Copy exactly. Begin at the line containing "甲、乙、丙方共同成立____" and stop at the last line of the entries, omitting any pictures.

======== Data extracts

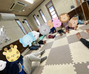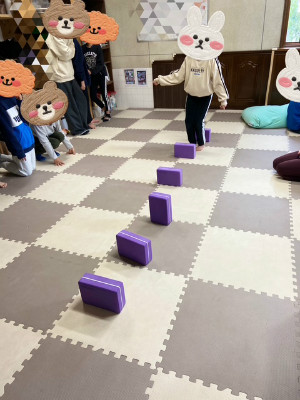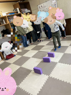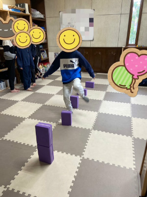 今月も月に1回のヨガ教室を行いました。 講師の先生に教えて頂きながらゆっくりと体を伸ばしたり 呼吸を意識したりして体を動かしました。 バランスをとるポーズや体を伸ばす動きでは先生の見本を見ながら 「できた!」「見て!」と嬉しそうな声も聞こえ 和やかな雰囲気の中で活動することができました。 ブロックを使ったジャンプ運動では 積んだブロックに向いジャンプ! 1段に慣れたら2段、3段…と1段ずつ高くなるブロックを跳べるか挑戦 する姿が見られました。
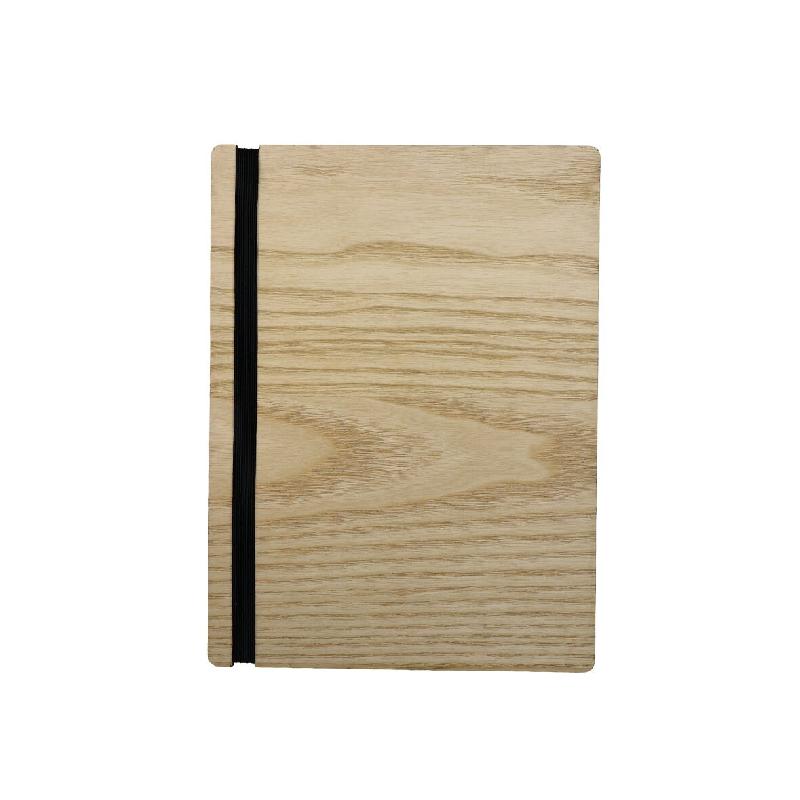 Hungry Club Porte Menu en bois à élastique A5 « Le Demi Tendu » - Frêne - Élastique Noir - Bois massif PM-DT-A5-FR-EN
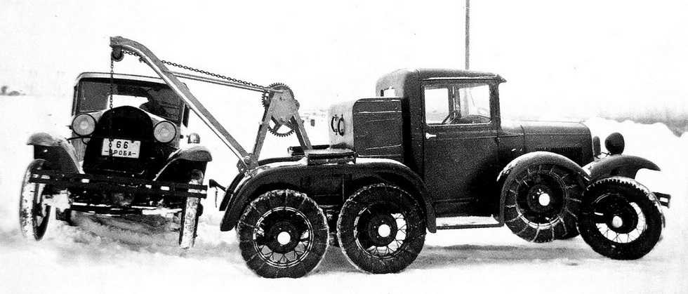 Самый первый эвакуационный автомобиль — это ГАЗ-АААА, он был выпущен в 1936 году, представлял собой экспериментальную разработку, созданную, согласно чертежам В.А. Грачева. Данный эвакуатор был произведен на основе популярной в то время полуторки ГАЗ-АА. Эвакуационная машина имела вид трехосного небольшого грузовика и обладала двигателем, мощность которого составляла 40 лошадиных сил. Этот двигатель позволял автомобилю разгоняться до 70 километров в час. Благодаря пассивному вращению дополнительной пары колес, установленной сзади передней пары, по бортовым поверхностям, автомобиль мог переезжать различные сложные неровности. Эвакуатор обладал колёсной формулой 6 × 4. Эта машина использовалась в качестве технической помощи, благодаря находящейся в заднем отсеке механизма, похожего на кран с ручной лебедкой.
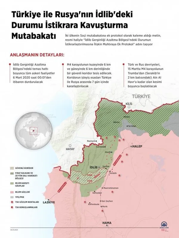 Başkan Recep Tayyip Erdoğan ile Rusya Devlet Başkanı Vladimir Putin arasında 5 Mart'ta gerçekleştirilen toplantının ardından İdlib'de ateşkes konusunda mutabık kalınmıştı.
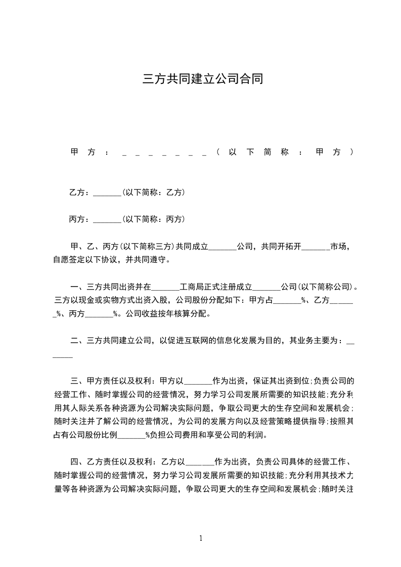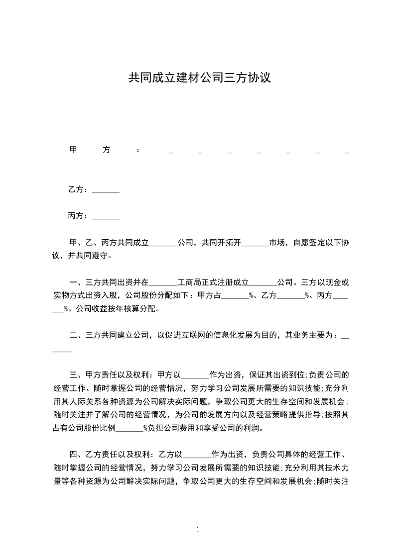 甲、乙、丙方共同成立_______公司,共同开拓开_______市场,自愿签定以下协议,并共同遵守。
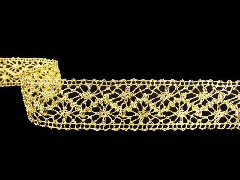 Koronka metaliczna w formie wstawki o szerokości 2,5cm w kolorze złotym.

================

(Solution to this task):
 甲、乙、丙方共同成立_______公司,共同开拓开_______市场,自愿签定以下协议,并共同遵守。
 Koronka metaliczna w formie wstawki o szerokości 2,5cm w kolorze złotym.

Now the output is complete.